Industri Pelayaran Menanti Pinjaman Berbunga Rendah
Perusahaan pelayaran nasional perlu dukungan suku bunga pinjaman yang lebih rendah dan jangka waktu pinjaman yang lebih panjang.
Oleh
CYPRIANUS ANTO SAPTOWALYONO
·3 menit baca
JAKARTA, KOMPAS — Industri pelayaran di Indonesia masih menghadapi ketidakpastian ekonomi akibat pandemi Covid-19. Di tengah kondisi itu, pelaku usaha perkapalan berharap mendapatkan pinjaman berjangka waktu cukup panjang, seperti halnya proyek infrastruktur.
Dukungan di sisi moneter, berupa tingkat suku bunga lebih menarik dengan jangka waktu pembayaran lebih panjang, dinilai dapat membantu industri pelayaran nasional.
Wakil Ketua Bidang Perhubungan Kamar Dagang dan Industri (Kadin) Indonesia Carmelita Hartoto, di Jakarta, Senin (14/12/2020), mengatakan, saat ini suku bunga pinjaman berkisar 8,5-14 persen untuk rupiah dan 6-8 persen untuk dollar AS. Jangka waktu pinjaman di Indonesia masih cukup pendek, yakni 3-5 tahun.
”Sebagai perbandingan, di negara lain jangka waktunya 7-10 tahun dengan suku bunga 1-2 persen,” kata Carmelita dalam diskusi virtual Forum Wartawan Perhubungan bertajuk ”Optimisme Industri Pelayaran di Tahun 2021”.
Pelaku industri pelayaran nasional sedang meminta dukungan dari sisi pembiayaan. Apalagi, pemerintah menyatakan akan memberikan perhatian terhadap sektor kelautan, antara lain melalui program tol laut.
Menurut Wakil Ketua Umum Dewan Pengurus Pusat Asosiasi Pemilik Pelayaran Nasional Indonesia (INSA) Buddy Rakhmadi, kapal merupakan sarana pendukung tol laut.
”Jadi, kami meminta agar kapal, seperti halnya proyek infrastruktur, bisa mendapatkan tempo pembayaran yang lebih panjang,” katanya.
Dengan cara itu, perusahaan pelayaran nasional memiliki daya saing saat harus berlaga di kancah internasional.
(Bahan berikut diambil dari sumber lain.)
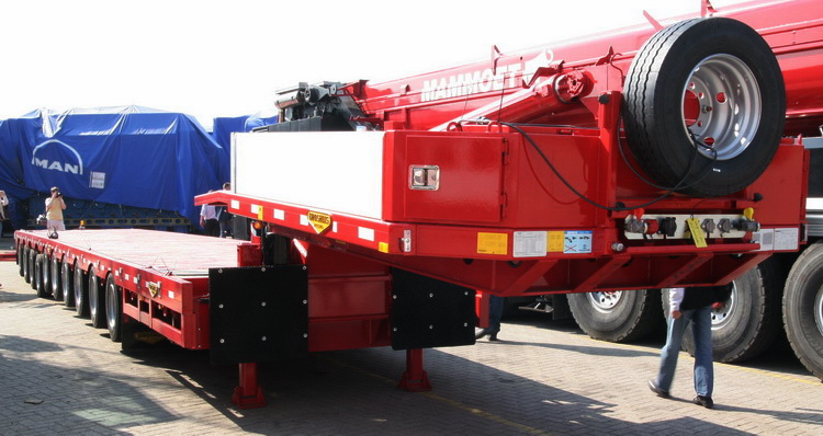 Zum Transport von Kranteilen werden häufig Semiauflieger eingesetzt.
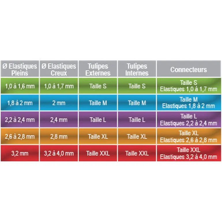 Taille L : couleur violette – élastiques de 2,2 à 2,4 mm
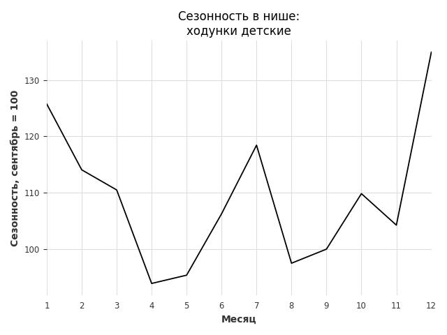 Сезонность в нише слабая. Пик сезонных продаж в нише - декабрь. В ближайшие месяцы можно ожидать сезонного роста продаж до 34%.
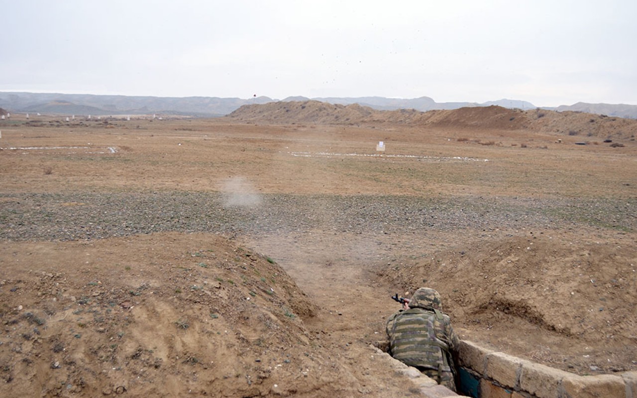 Təlimə cəlb olunan şəxsi heyət atıcı silahlardan praktiki atış çalışmalarını müvəffəqiyyətlə icra edir.
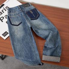 20029欧货阔腿弯刀全棉牛仔裤松紧高腰分割线显瘦遮胯哈伦老爹裤
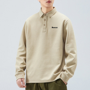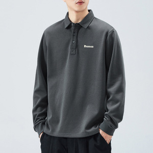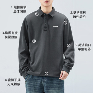 登捷男装POLO衫男2025春秋季高端纽扣翻领上衣长袖T恤男字母刺绣

Pelaku industri pelayaran nasional sedang meminta dukungan dari sisi pembiayaan.
Tak bisa sendiri
Sementara itu, Wakil Ketua Umum INSA Darmansyah Tanamas menuturkan, pelayaran merupakan salah satu sektor usaha bercorak padat modal. Perkembangan sektor pelayaran tidak terlepas dari unsur pembiayaan perbankan.
”Pelayaran tidak bisa menyediakan pembiayaan sendiri 100 persen. Harapan kami ada suatu skema pembiayaan khusus untuk pengadaan kapal,” kata Darmansyah.
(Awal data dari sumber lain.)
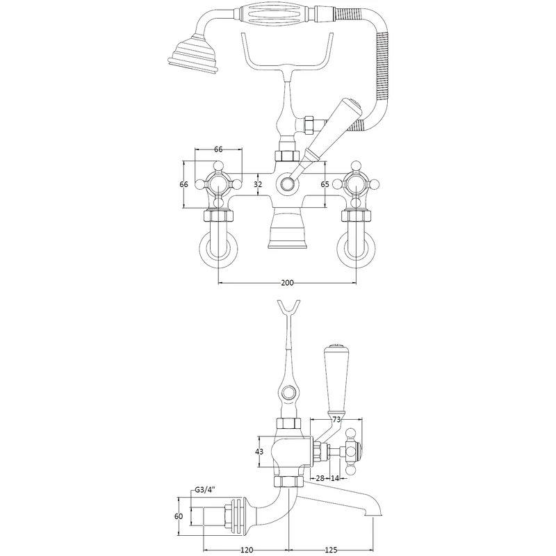 Topaz Black Crosshead Wall Mounted Bath Shower Mixer

Ada dua hal yang kini mengganggu arus kas perusahaan pelayaran di masa pandemi Covid-19. Pertama, tagihan yang tertunda dari beberapa klien atau pelanggan pengguna jasa industri pelayaran. Kedua, kontrak sebagian anggota INSA dipotong.
Dia mencontohkan rencana kontrak yang semula lima tahun, mendadak harus dievaluasi kembali. Bahkan, ada kontrak yang dihentikan karena beberapa proyek dari pemilik barang terlilit kesulitan akibat pandemi Covid-19.
”Ada juga yang biaya sewanya dinegosiasi ulang. Kesemuanya ini berpengaruh pada arus kas perusahaan, khususnya dalam kemampuan (perusahaan pelayaran) membayar kepada perbankan,” ujar Darmansyah.
Hingga kini, INSA sedang berusaha mengatasi permasalahan tersebut. Persoalan lain yang dihadapi adalah pelaku usaha memerlukan restrukturisasi pinjaman.
Sebelumnya, Lektor Kepala Teknik Industri Institut Teknologi Sepuluh Nopember I Ketut Gunarta mengatakan, secara umum, profitabilitas perusahaan pelayaran sebelum pandemi Covid-19 cukup baik. Namun, sebagian besar memiliki struktur modal yang didominasi pinjaman dengan beban biaya dana cukup besar.
”Sehingga kemampuan membayarnya cukup rentan,” kata Gunarta, pekan lalu.
Menurut dia, relaksasi bunga akan dapat membantu perusahaan pelayaran memiliki daya tahan likuiditas.
Persoalan lain yang dihadapi adalah pelaku usaha memerlukan restrukturisasi pinjaman.